Tuesday, June 10, 2008

The only spam I get is prescription drug related and I don’t even know what the drugs in the email titles are or what they do. Cialis. Cialis. What is this. I don’t want to know. Cialis. Cialis. A week or so ago I saw THRONES play in SF, Joe Preston; bass scientist, technician of tension. I saw MELVINS support Nirvana when I was 13 and it kind of changed my life, Joe played bass, I did not know this then though. I only remember their hair cuts and the feel of the bass on my skin, total second layer of epidermis, noise so harsh and all emcompassing it would have crumbled colluseums, definitely made me reconsider the Sid Vicious bootleg T shirt I was wearing because MELVINS were way better than My Way. Got kicked in the face in the pit and had my life changed and thus went out and got the 1st Melvins record I could find, the one with the Flipper/Alice Cooper covers on it. Such a rager. The first time I saw Thrones I tried to convey to Joe the effect this show had on my brain and demonstrated the true fixated nerd that I am, he still remembers me from this conversation even tho that was probably ten years ago. Jeez. Anyway new THRONES set is like a birthday pony ridden through the post apocalyptic tundra, or more like a birthday without the pony. A ride without the post apolcalyptic tundra, or maybe actually no birthday, no ride, no pony, no tundra. Maybe if you know about cialis? Cialysis. Cianalyse it.
Next month you will see my name in the co-ordinator section of the masthead because I am taking over from Martin as Distribution co-ordinator.

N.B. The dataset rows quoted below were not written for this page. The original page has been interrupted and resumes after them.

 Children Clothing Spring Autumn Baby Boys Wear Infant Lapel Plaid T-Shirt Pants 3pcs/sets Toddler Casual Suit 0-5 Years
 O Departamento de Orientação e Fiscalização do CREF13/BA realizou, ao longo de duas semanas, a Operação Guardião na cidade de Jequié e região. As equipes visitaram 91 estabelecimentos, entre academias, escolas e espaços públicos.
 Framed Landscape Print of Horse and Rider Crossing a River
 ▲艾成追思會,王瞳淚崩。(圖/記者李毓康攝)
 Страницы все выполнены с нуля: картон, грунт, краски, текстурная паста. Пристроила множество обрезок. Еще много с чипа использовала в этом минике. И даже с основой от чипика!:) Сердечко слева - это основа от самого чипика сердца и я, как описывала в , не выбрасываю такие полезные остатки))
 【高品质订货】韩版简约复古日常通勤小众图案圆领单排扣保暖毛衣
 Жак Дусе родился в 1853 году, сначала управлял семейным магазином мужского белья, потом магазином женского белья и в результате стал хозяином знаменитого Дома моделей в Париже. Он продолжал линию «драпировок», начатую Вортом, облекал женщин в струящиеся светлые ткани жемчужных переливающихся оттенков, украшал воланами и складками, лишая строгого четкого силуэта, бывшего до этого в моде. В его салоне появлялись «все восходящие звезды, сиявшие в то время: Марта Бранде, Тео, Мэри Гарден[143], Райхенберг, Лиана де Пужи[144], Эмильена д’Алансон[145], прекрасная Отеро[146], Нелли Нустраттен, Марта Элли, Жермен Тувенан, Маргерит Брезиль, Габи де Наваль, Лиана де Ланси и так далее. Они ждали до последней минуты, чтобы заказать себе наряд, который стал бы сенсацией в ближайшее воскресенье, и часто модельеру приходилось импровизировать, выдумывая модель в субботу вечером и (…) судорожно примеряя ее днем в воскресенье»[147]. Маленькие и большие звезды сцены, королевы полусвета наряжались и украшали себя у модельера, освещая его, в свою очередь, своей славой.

If you work at a record store, skate shop, zine store, art n craft empire, info shop, squat gas station, tattoo shop, distro hovel etc etc you should totally start carrying Maximum Rocknroll. It’s the magazine for shitty thinkers, indifferent ragers, political gas attacks and you. Carry it. No but seriously duds email me here: layla@maximumrocknroll.com if you can think of a store or distro that would be interested in carrying the mag. I have been training under the watchful eyes of Uncle Mar and am really looking forward to taking over in July. If you live in the SF/Bay Area and would be interested in helping out with shitwork contact us poser. There are some vaguely exciting things happening in terms of what I will be doing with the magazine with which I will need help, and also we always need people to help out doing shit like green tapin, picking up the mail from the PO box, and other equally fascinating tasks.

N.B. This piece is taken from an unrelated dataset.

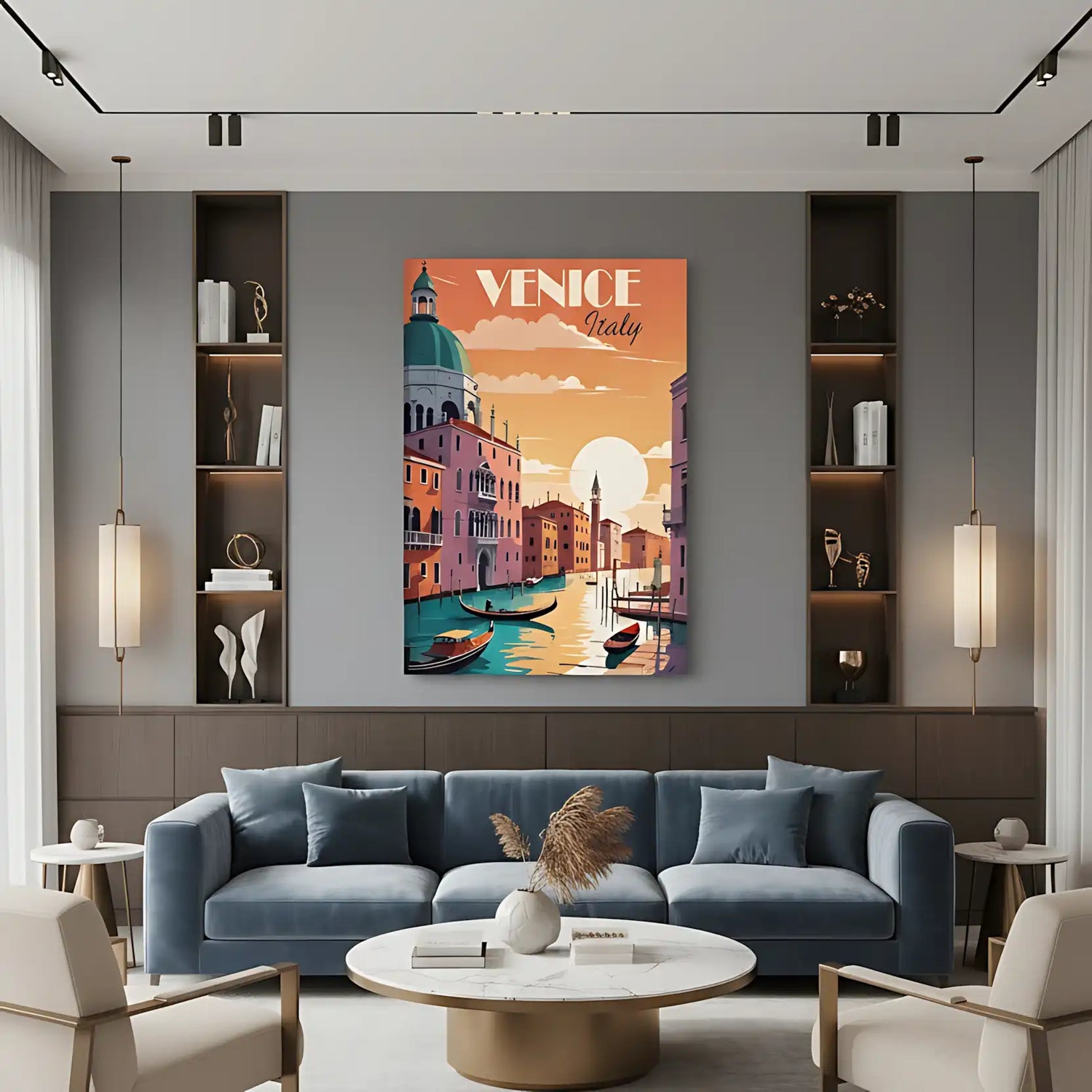 🎨 Cette illustration vintage capture la magie éternelle de Venise au coucher du soleil, où les gondoles glissent silencieusement sur les canaux dorés. Les couleurs chaudes orange et turquoise créent une atmosphère romantique inoubliable.
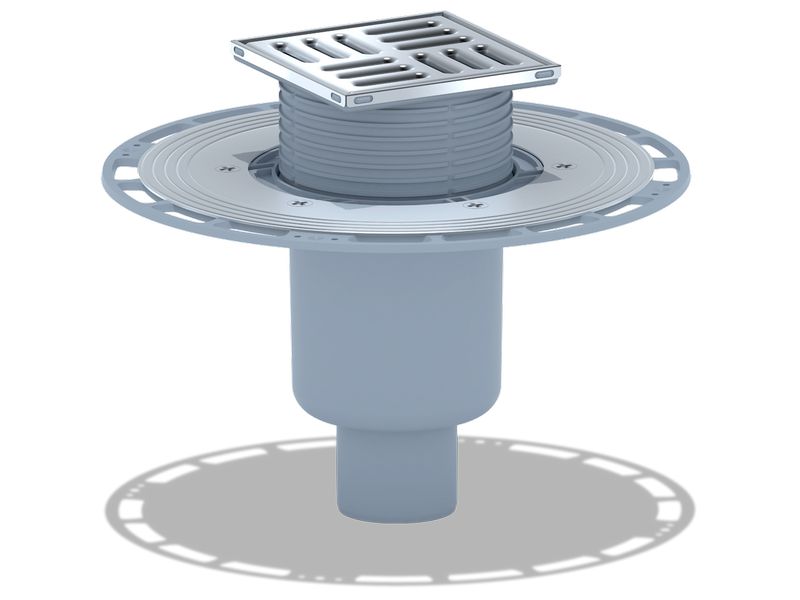 Трап вертикальный регулируемый АНИ Пласт THA5712 выпуск 50 мм с решеткой из нержавеющей стали 150х150 мм

In the midst of all of this I had to fly to England on two days notice to deal with Some Family Matters. I took the opportunity to bring home my early 90s hip-hop tape collection (Raekwon! EPMD! Many others!) find an OG copy of Wipers Youth of America for £5 and go see an exhibition of May ‘68 posters from the student/worker Paris uprising. Last time I was there it was because my mum wanted me to clear out my record collection from my teenage bedroom, I mailed about 2000 LPs and 7"s to SF and sold the rest at random record stores where people kept telling me that no one was buying vinyl in the UK anymore, which struck me as strange. It seems like 2nd hand vinyl is the one thing that would still sell, if only to nerd collectors now that CDs have been devalued by the MP3. I guess the UK is bereft of old vinyl obsessives? Though having seen Fat Bob from Hard Skin’s record collection I am not sure of the truth of that statement. I found that £5 Wipers LP in the ‘White Stripes/Garage revival’ section of the record store that someone from Swell Maps used to work at, which is kind of inexplicable. The catagorization that is. Garage revival?? Jeez. Also the New Model Army records were in the ‘CRUST’ section of the record store, along with a bunch of dodgy spiral tribe techno dreadfuls, can the punks please stop liking this shitsystem of a band? They had their own brand of fucking clogs! CLOGS! No! I saw many records I would have picked up if the dollar hadn’t been so worthless. Seeing an old insane looking early 80s comp LP with a bunch of classic Messthetics bands on it including The Tronics, for £30, which worked out at $60 for me, was a total bummer. Also there was an article in the listings section of the Guardian newspaper about Jay Reatard which claimed he was in a long line of American Hardcore Heroes such as Fucked Up. Really?? English people and their genres.
Other bummers:
1-The shambolic indie revival. Chapel Hill part V. Make it go away.
2-Mimimal Techno
3-Hippie dadrock jam revival music that just sounds like late 70s AM rock. At least channel Roky/Skip Spence rather than generic rock millionaires.
4-the word ‘chill’ used in contexts such as ‘we had a chill time’ ‘it was chill’ ‘he’s a chill dude’ etc etc also chill out music as a genre.
5-‘punk’ bands or bands with ex ‘punks’ who play shows/events sponsored by Nike/PBR/whatever. Also Nike’s new subliminal ‘unbranded’ advertising.

Top tenned

1-Venom P Stinger Live LP
2-Kikeiji-Plastics Love
3-The Lowrider mag from 82 with The Brat on the cover
4-Punk style from east LA in that era
5-Julien Stranger’s part in the Reason for Living vid.
6-Can-I Want More
7-Jay Boy by Kent Sherwood/Glen E Friedman. Pre Dog Town Jay Adams...
8-Subculture-I Heard A Scream LP
9-Shitty Laddes
10-layla at maximumrocknroll.com or whatwewantisfree.blogspot.com


3 comments:

yellow.eyes said...

Dude, I've been thinking and have come to realize that if AIDs don't get you then the gas-station-squatters will; they'll fill your tank full of sugar and you'll have to walk everywhere because '84 Volvos just can't handle that level of sucrose.

ONECHORD said...

wow, many thanks for posting a nuclear crayons song on mrr radio. what a GREAT band they were!
and congratulations for that co-ordinator news and being really envious for that may'68 posters exhibition you saw.
by the way, what's wrong with minimal?

all the best and keep doing so great stuff!

talya! said...

nike lifestyle marketing is so deeply weird; it is not like hipsters have never watched tv or don't buy sweet kickz made by babies for too much $$, so that nike needs to decide oh shit, instead of sponsoring like, wimbledon this year, let's put $$s down for bullshit pretensh "nike sportswear" branded hipster drum circles? confusing.